[Records contained in a dataset]
================================

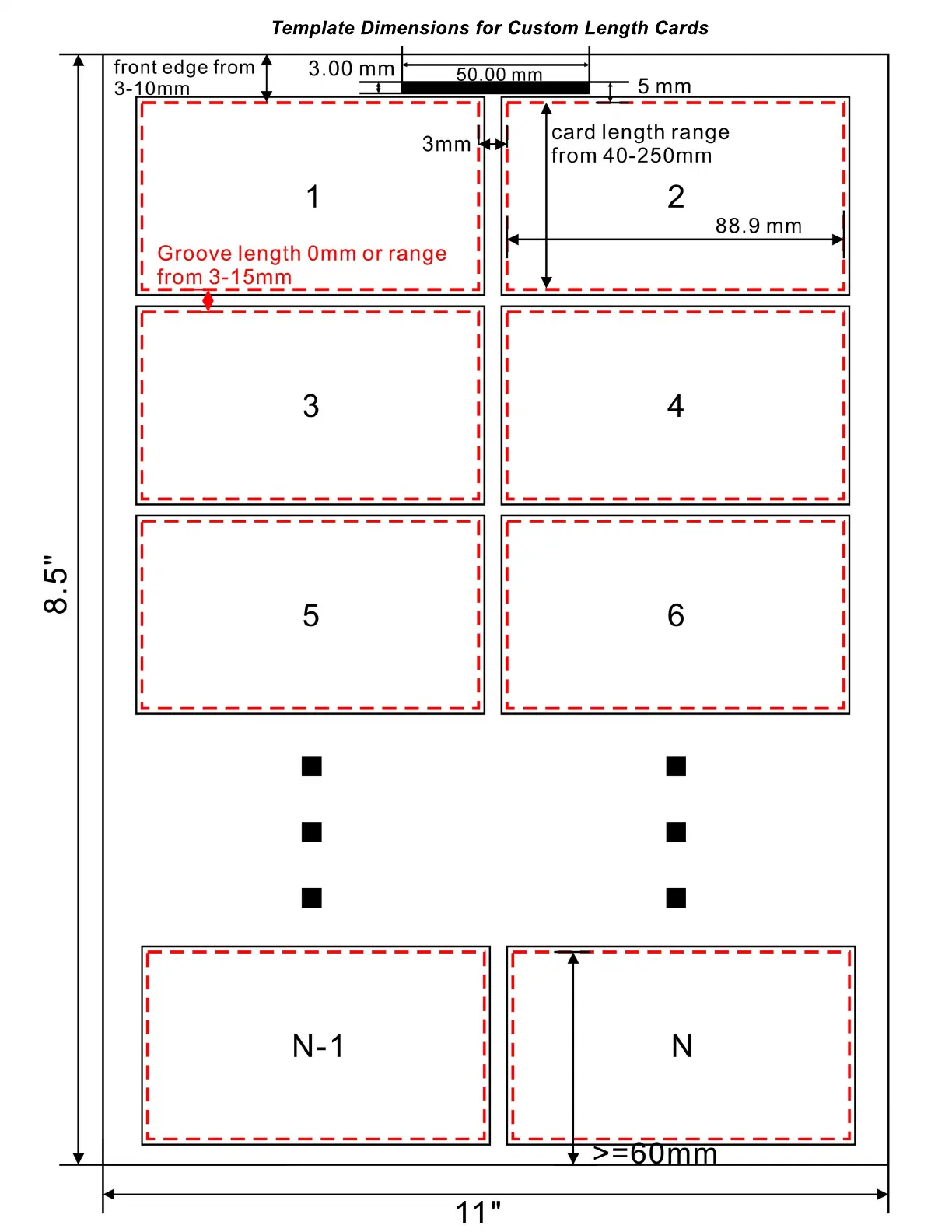 Template Dimensions for Custom Length Cards
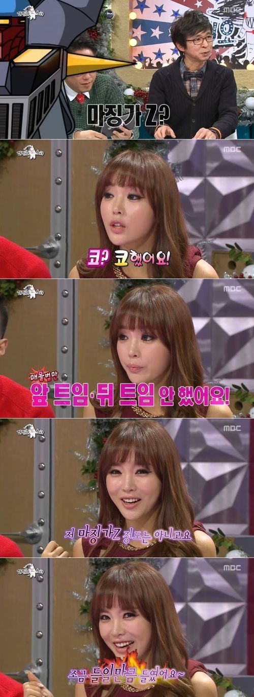 이에 MC 규현은 "3군데 이상이냐, 이하냐?"고 물었고, 홍진영은 "코 2번했다. 눈도 집었다. 앞트임고 뒷트임은 하지 않았다"고 '마징가Z'설을 일축했다.
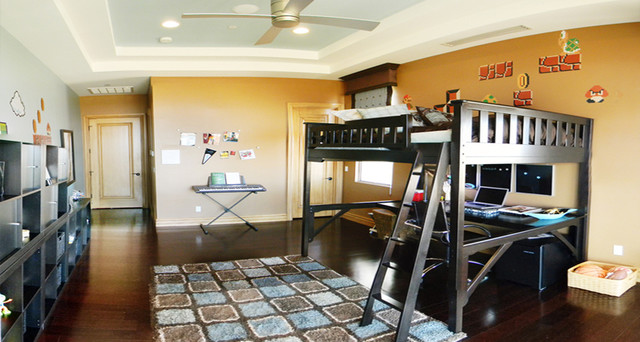 غرفة نوم على طراز لوفت مع سرير مرتفع وخزانة ملابس في الطابق السفلي
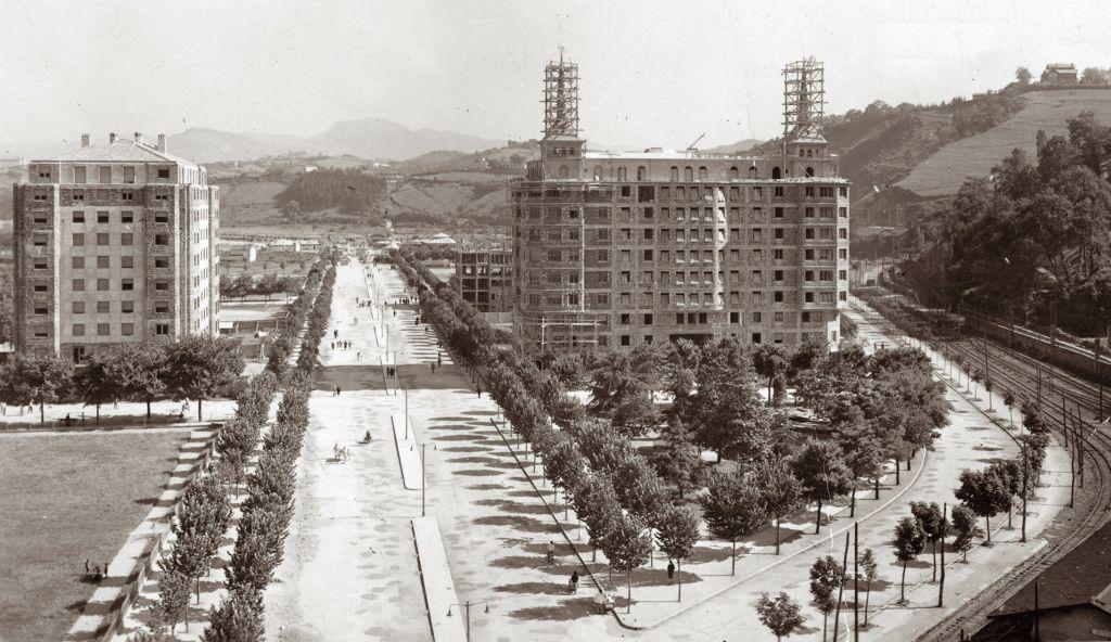 - Antso Jakitunaren hiribidea eta Mendeurrenaren plaza, duela 60 urte (Argazkia: Amarauna)
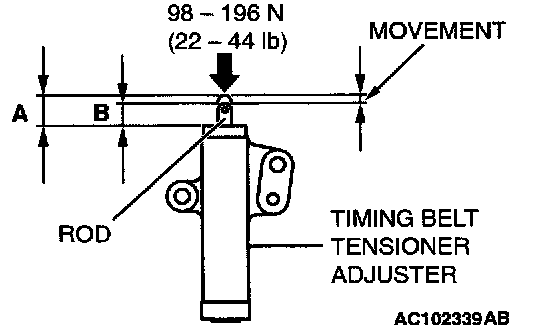 3. Hold the timing belt tensioner adjuster by hand, and press the top end of the rod onto the metal (e.g. cylinder block) under a pressure of 98 - 196 N (22 - 44 pounds) to measure the movement of the rod.
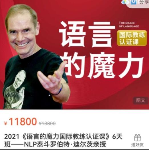 这是一个关于NLP(神经语言程序学)的国际教练认证课程,由NLP泰斗罗伯特·迪尔茨亲自授课。NLP是一种心理学和人际沟通技巧的方法论,旨在帮助个人提升自我意识、改善人际关系、解决问题和实现个人目标。这个课程将为学员提供丰富的理论知识和实践技巧,帮助他们成为优秀的NLP教练。这将是一个为期6天的密集培训班,学员将有机会直接从罗伯特·迪尔茨学习,并与其他来自世界各地的学员交流和分享经验。这将是一个难得的学习机会,可以深入了解NLP的核心理念和技术,提升自己的个人成长和职业发展。
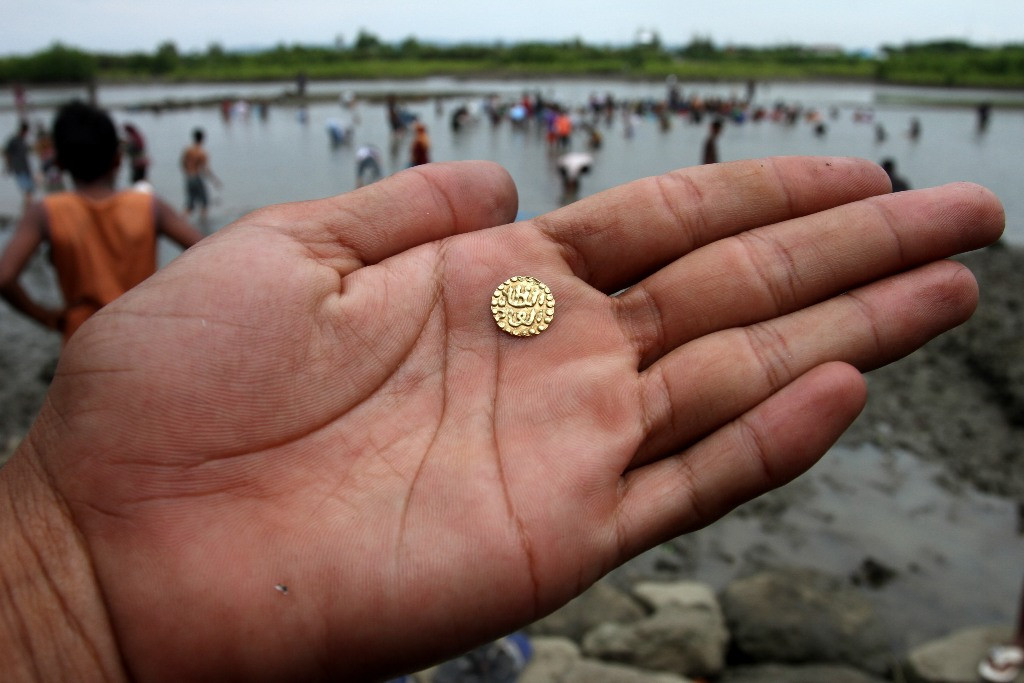 Warga memperlihatkan koin emas kuno yang ditemukannya di sungai Desa Kampung Pande, Kecamatan Kutaraja, Banda Aceh, Senin (12/11/2013). Foto: Antara/Irwansyah Putra
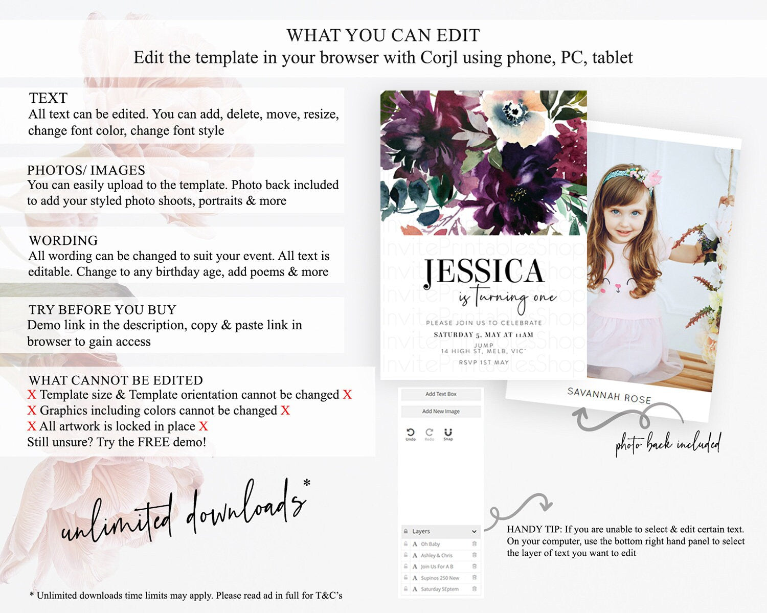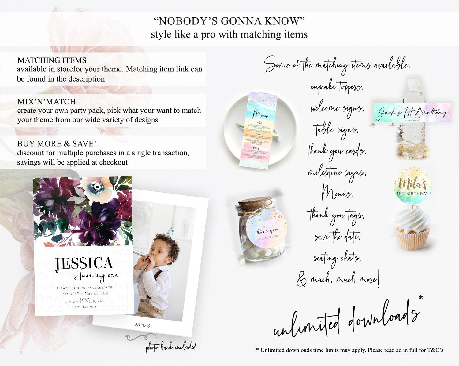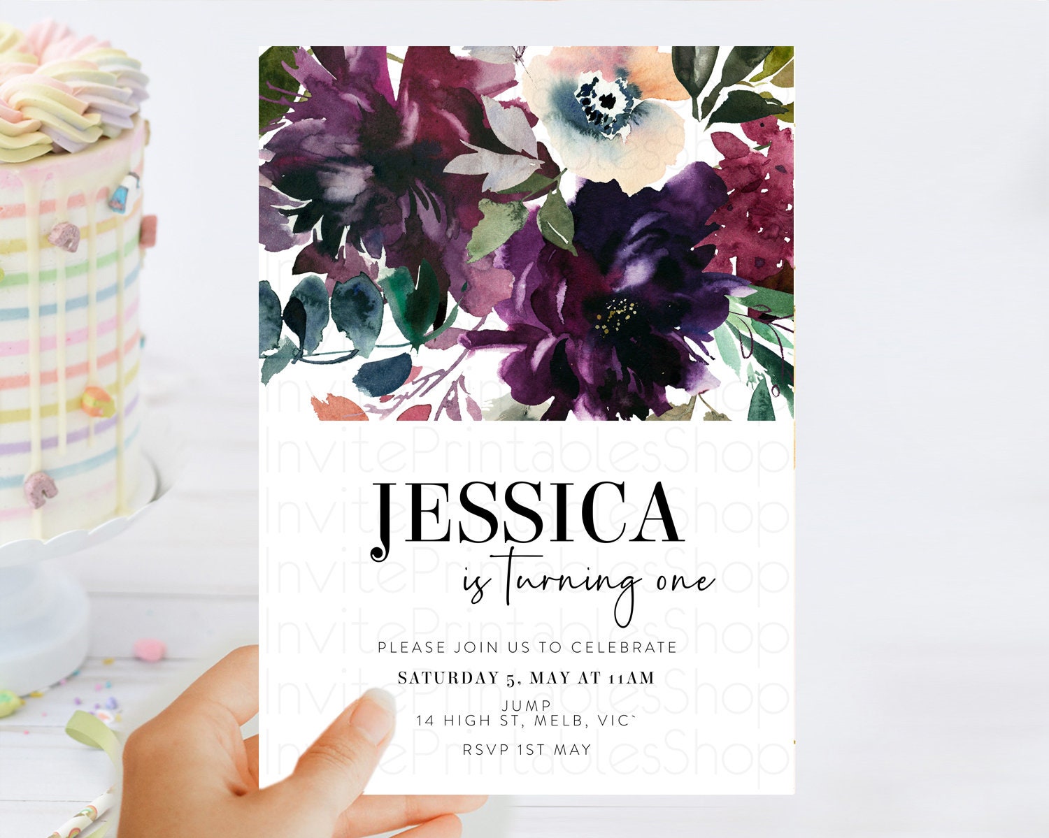 Secret Garden Wildflower Birthday Invitation, Pastel Burgundy Flowers, Boho Floral, 1st, 2nd, 3rd Birthday, D11062

================================

## TASK TO CARRY OUT:
Your output is the lines from the top of the entries through the line containing "- Antso Jakitunaren", exactly as they stand. No pictures belong in it.

## EXERCISE OUTPUT:
 Template Dimensions for Custom Length Cards
 이에 MC 규현은 "3군데 이상이냐, 이하냐?"고 물었고, 홍진영은 "코 2번했다. 눈도 집었다. 앞트임고 뒷트임은 하지 않았다"고 '마징가Z'설을 일축했다.
 غرفة نوم على طراز لوفت مع سرير مرتفع وخزانة ملابس في الطابق السفلي
 - Antso Jakitunaren hiribidea eta Mendeurrenaren plaza, duela 60 urte (Argazkia: Amarauna)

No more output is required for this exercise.